Apps, applications and system environments which are involved in controlling the asset-related industrial process may be easily added, updated and replaced by updating the chaincode executed by the hyperledger platform 2.

The asset attribute values histories acquired and recorded in corresponding ALPs 8 are made available in the ledger of the distributed database 2 and may be used for further analysis using Artificial Intelligence and Data Analytics. For example, pattern recognition may be used to increase asset utilization, optimize transport routes and/or gain information about an asset during its lifecycle.

Operators 121-125 located in the respective realms 503, 504 may be granted the possibility to develop new asset classes and to record them in the repository means 404 of the asset lifetime handler device 4 and to thereby perform upgrades on the asset-based industrial process independently of each other.

The asset lifetime handler device may provide for a layer of abstraction interposed between the blockchain-based distributed database system 2 and the various realms 501-504 and may therefore facilitate the integration of legacy systems.

The data made available in the ALPs 8 may be used to perform accurate billing, reducing loss, and/or securing smooth operation of the industrial process through timely provisioning of any required asset 9. Thereby, a utilization degree of the systems involved in the industrial process may be increased. Further, an availability of assets, such as working instruments and the like, may be optimized.

Yet further, an asset 9 may be a Smart Machine which may be triggered to perform certain actions based on notifications transmitted by smart contracts of the chaincode implemented on the hyperledger platform 2 as part of the various ALPs 8. For example, if one of the asset tracking devices 301-309 reports an asset 9 as being out of order, a smart contract implemented in the corresponding ALP 8 may trigger ordering of a replacement asset and/or ordering of repair services for the asset 9. Yet further, a smart contract implemented in the ALP 8 may deploy Predictive Analytics to trigger maintenance works to be performed on the asset 9 before the corresponding asset 9 goes out of order.
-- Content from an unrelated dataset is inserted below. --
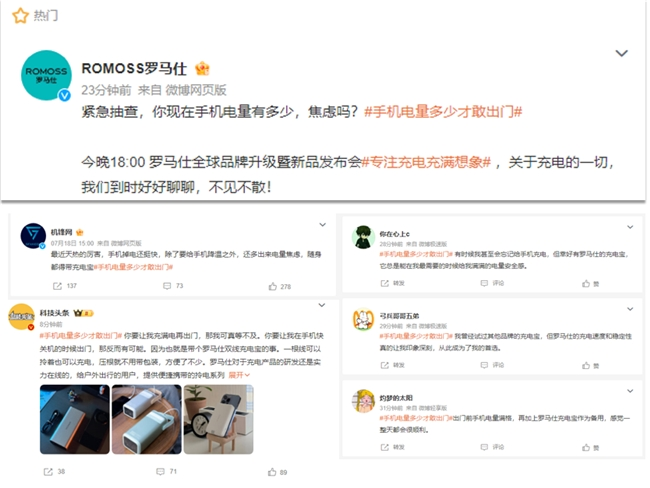 回顧#手機電量多少才敢出門#這一熱議話題,其中“出行用電焦慮”、“用電困難”、“充電寶重量負擔”等問題持續刷屏,說明這些問題已經成為大眾用戶的普遍用電痛點。作為充電領域的領軍品牌,羅馬仕憑借其敏銳的市場嗅覺,早已捕捉到這些問題。

Thereby, advantageously, outage times of the asset 9 may be minimized.

In addition, the present solution may be used to make historical data of an asset available across an entire SCM asset tracking value chain that involves a plurality of realms operated by different stakeholders, thereby enabling a combination of data analytics and predictions to adapt the industrial process to specific constraints and stakeholders in a flexible way.
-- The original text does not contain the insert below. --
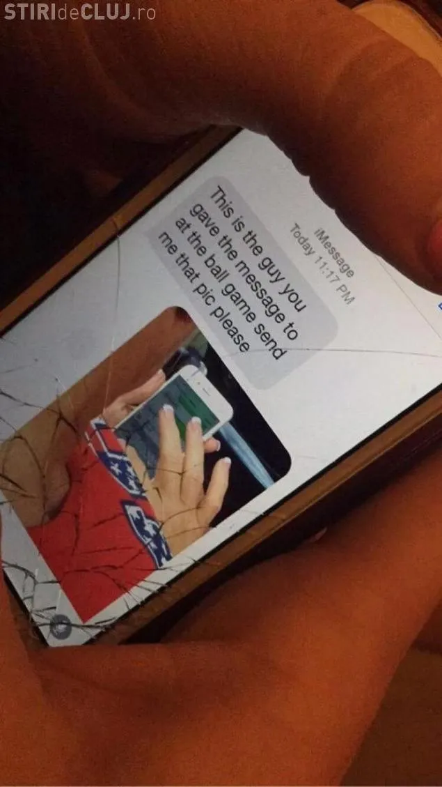 Două surori, spectatoare pe stadion, au reușit să fotografieze mesajele pasionale, peste umarul femeii, iar apoi le-au postat pe Twitter.

Examples may include: A likelihood of a hazardous weather condition could result in an intermediate change of the logistic provider and or delivery routes in advance, wherein additional cost incurred may be transparently documented in the ALP.

A likelihood of a service team being on strike (harbor, airports, customs, logistic provider and the like) could result in a change of routes, transportation vehicles, nearly in real-time with according adjustments of a smart contract of the ALP.

Claims

1. An asset tracking system for tracking an asset in an asset-based industrial process involving the asset passing between a plurality of realms, the asset tracking system comprising:

a distributed database system configured to host a consensus-based ledger of transactional records;

a plurality of asset tracking devices each configured to acquire one or more asset attribute values of the asset, wherein each of the realms includes at least one of the plurality of asset tracking devices; and

an asset lifetime handler device configured to maintain, in the ledger of the distributed database system, based on the asset attribute values respectively acquired over time by a respective one of the plurality of asset tracking devices, an asset lifetime passport (ALP) comprising a digital representation of a history of the acquired asset attribute values of the asset.
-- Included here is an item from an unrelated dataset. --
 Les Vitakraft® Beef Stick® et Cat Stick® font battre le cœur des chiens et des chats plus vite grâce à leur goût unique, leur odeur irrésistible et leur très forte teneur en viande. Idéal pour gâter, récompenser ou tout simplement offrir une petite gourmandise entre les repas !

2. The asset tracking system of claim 1, wherein the asset attribute values included in the ALP include at least a mandatory set of generalized core asset attribute values, the mandatory set of generalized core asset attribute values indicating at least a condition, a location, and an ownership of the asset.

3. The asset tracking system of claim 1, wherein the ALP is maintained in the ledger of the distributed database system as a number of transactional records each associated with a unique identifier of the asset.

4. The asset tracking system of claim 3, wherein at least one of the transactional records of the ALP comprises a smart contract transaction.

5. The asset tracking system of claim 1, wherein the distributed database system includes a plurality of node devices, and more than one of the realms each include at least one of the plurality of node devices.

6. The asset tracking system of claim 1, wherein the asset lifetime handler device includes:

a programming interface means configured to receive instruction data and to respond to the received instruction data by performing at least one of: creating, editing, and/or invalidating the ALP of the asset; registering a subscription for push notifications about a change of the ALP; transmitting, as response data, a copy of the ALP and/or a portion thereof; storing a file included in the instruction data, the file being related to the asset; and/or retrieving and transmitting, as response data, the file related to the asset.

7. The asset tracking system of claim 1, wherein the asset lifetime handler device includes:

a repository means configured to store a number of asset class descriptors, each asset class descriptor including a number of asset attribute descriptors; and

a template feeder means configured to, when responding to receiving instruction data specifying one of the number of asset class descriptors, create the ALP for the asset in the ledger of the distributed database system based on the specified asset class descriptor.

8. The asset tracking system of claim 1, wherein the asset lifetime handler device includes an asset transaction layer (ATL) configured to update the ALP maintained in the ledger of the distributed database system when a change is detected in any of the one or more acquired asset attribute values.

9. The asset tracking system according to claim 8, wherein the ATL is further configured to generate a push notification when an asset-based event is observed in the ALP maintained in the ledger of the distributed database system.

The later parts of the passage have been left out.